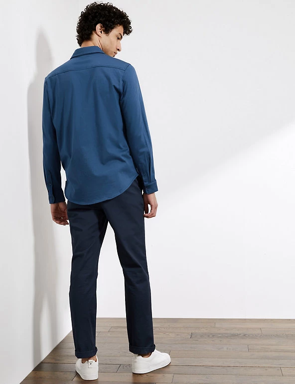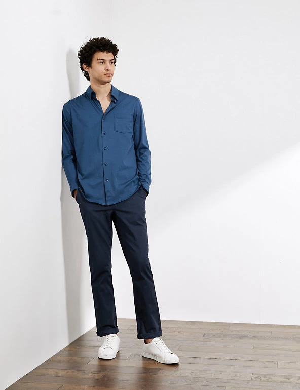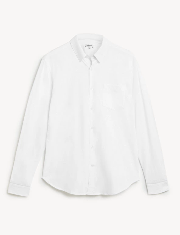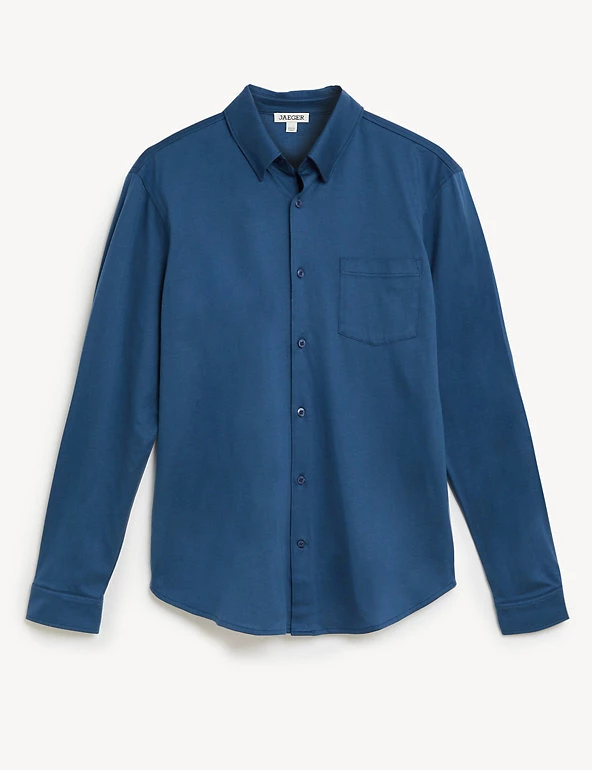 This Jaeger shirt has been made with mercerised pure cotton jersey, giving it a lustrous look and a super-soft hand-feel. It’s cut in a neat regular fit, with smart button-through fastenings. A touch of added stretch ensures extra comfort, and the hemline is curved so you can wear your shirt tucked in or out. A patch pocket on the chest adds a crisp finishing detail. This piece makes for ideal smart-casual work attire that can take you from day to night. Pair it with a jacket and chinos for a stylish business look, or with jeans and a suede jacket for an evening out.
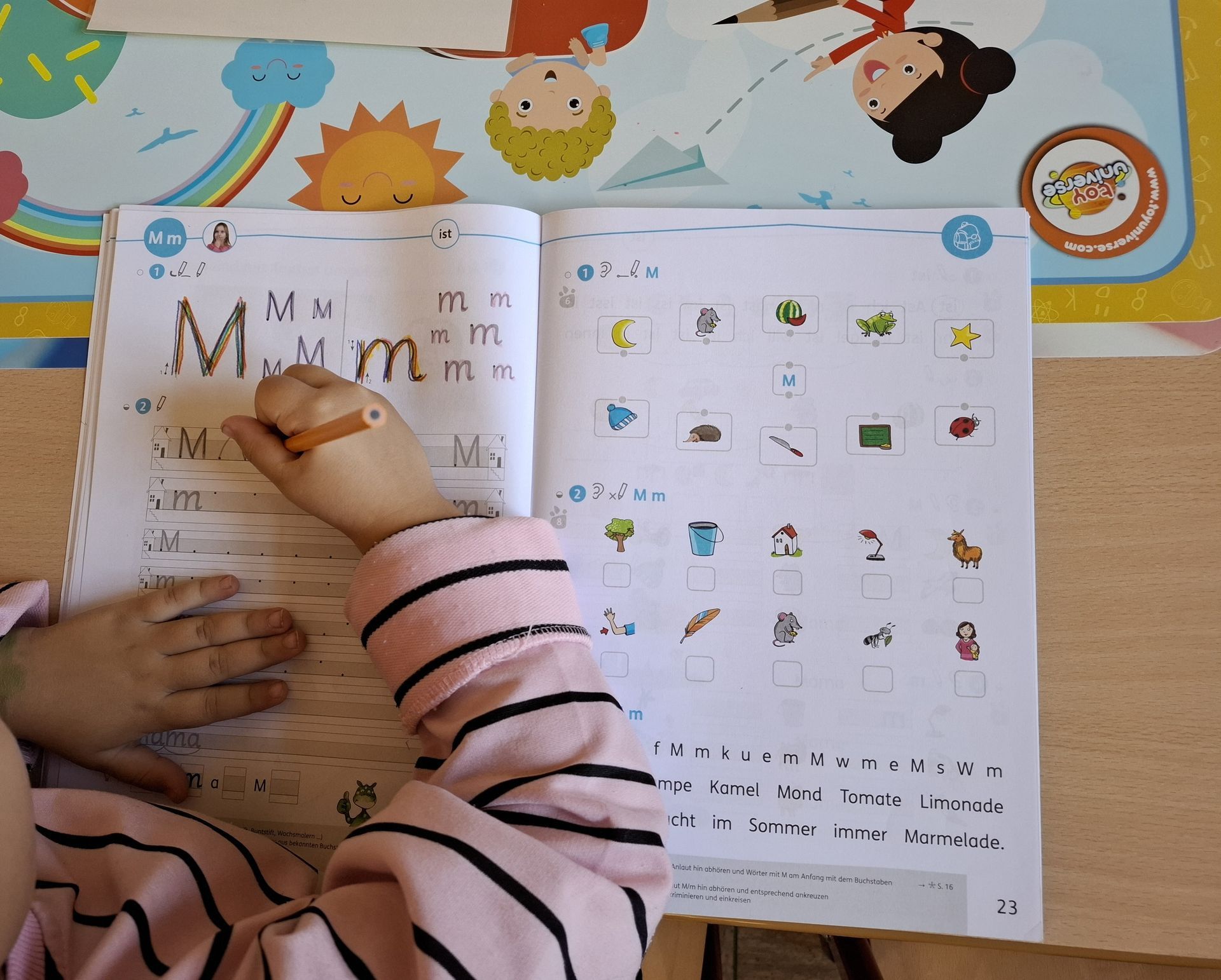 Am 21. September war unser Tag der offenen Tür. An diesem Tag können die Eltern und die zukünftigen Erstklässler zu uns kommen, um sich die Schule anzuschauen. Wir haben heute an einem Buchstabenplan zum M und m gearbeitet!
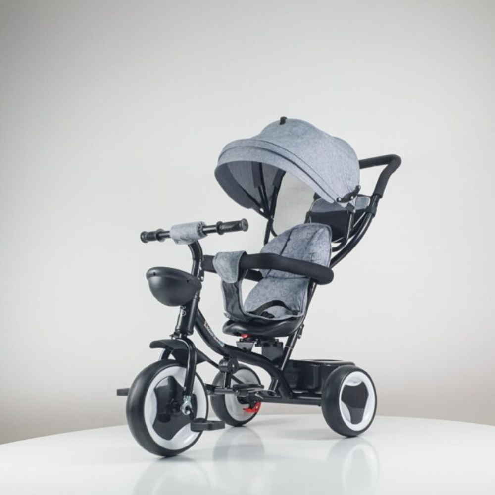 Tricikl Aristom 431 predstavlja multifunkcionalni tricikl koji raste zajedno sa detetom. Rotirajuće sedište od 360° omogućava vožnju licem ka roditelju ili unapred, što daje dodatnu sigurnost u najmlađem uzrastu. Podesiva tenda štiti od sunca, dok sigurnosni pojas i prečka obezbeđuju stabilnost tokom vožnje.
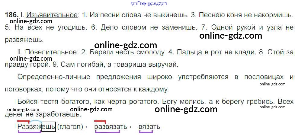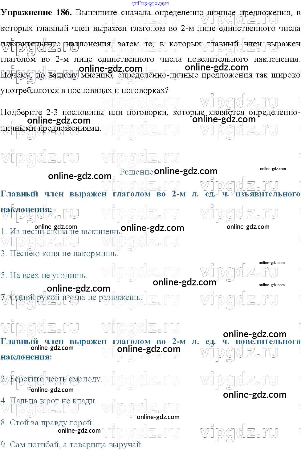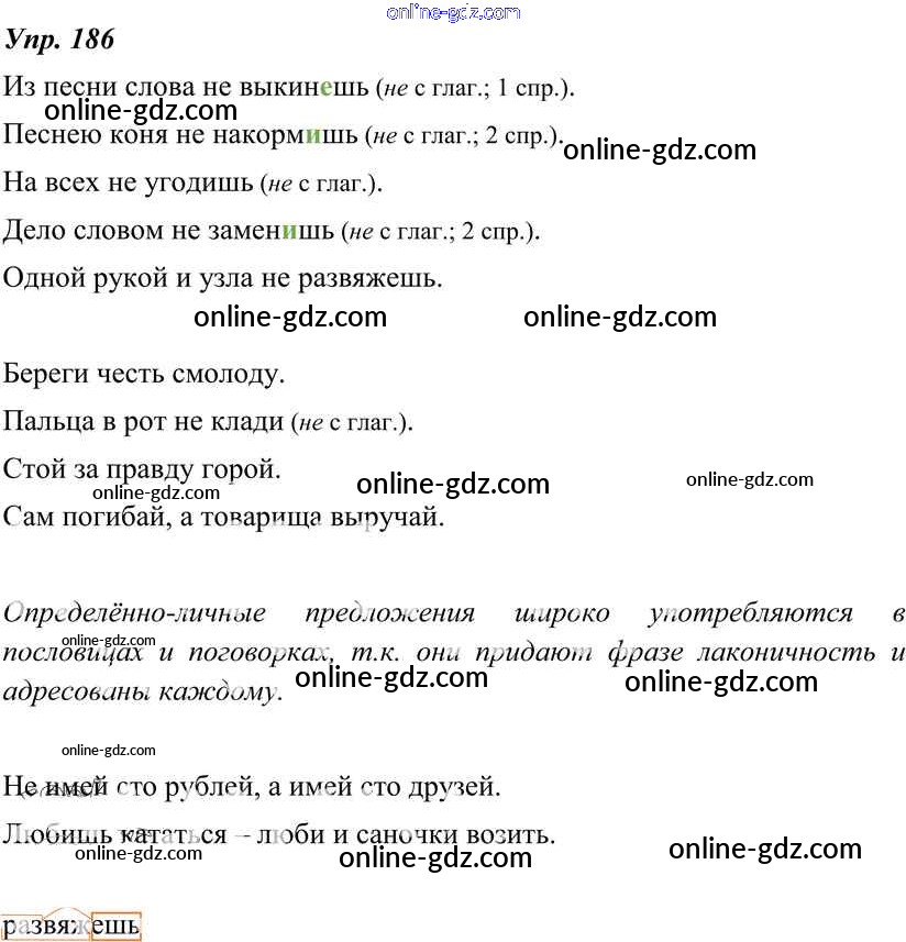Готовые домашние задания по Русскому языку за 8 класс Учебник Тростенцова, Ладыженская 2014 - Упражнения 186

Work instruction:
The copy should hold exactly the lines from the line containing "Tricikl Aristom 431" through the end of the data, both ends included, and no pictures.

Result for this exercise:
 Tricikl Aristom 431 predstavlja multifunkcionalni tricikl koji raste zajedno sa detetom. Rotirajuće sedište od 360° omogućava vožnju licem ka roditelju ili unapred, što daje dodatnu sigurnost u najmlađem uzrastu. Podesiva tenda štiti od sunca, dok sigurnosni pojas i prečka obezbeđuju stabilnost tokom vožnje.
Готовые домашние задания по Русскому языку за 8 класс Учебник Тростенцова, Ладыженская 2014 - Упражнения 186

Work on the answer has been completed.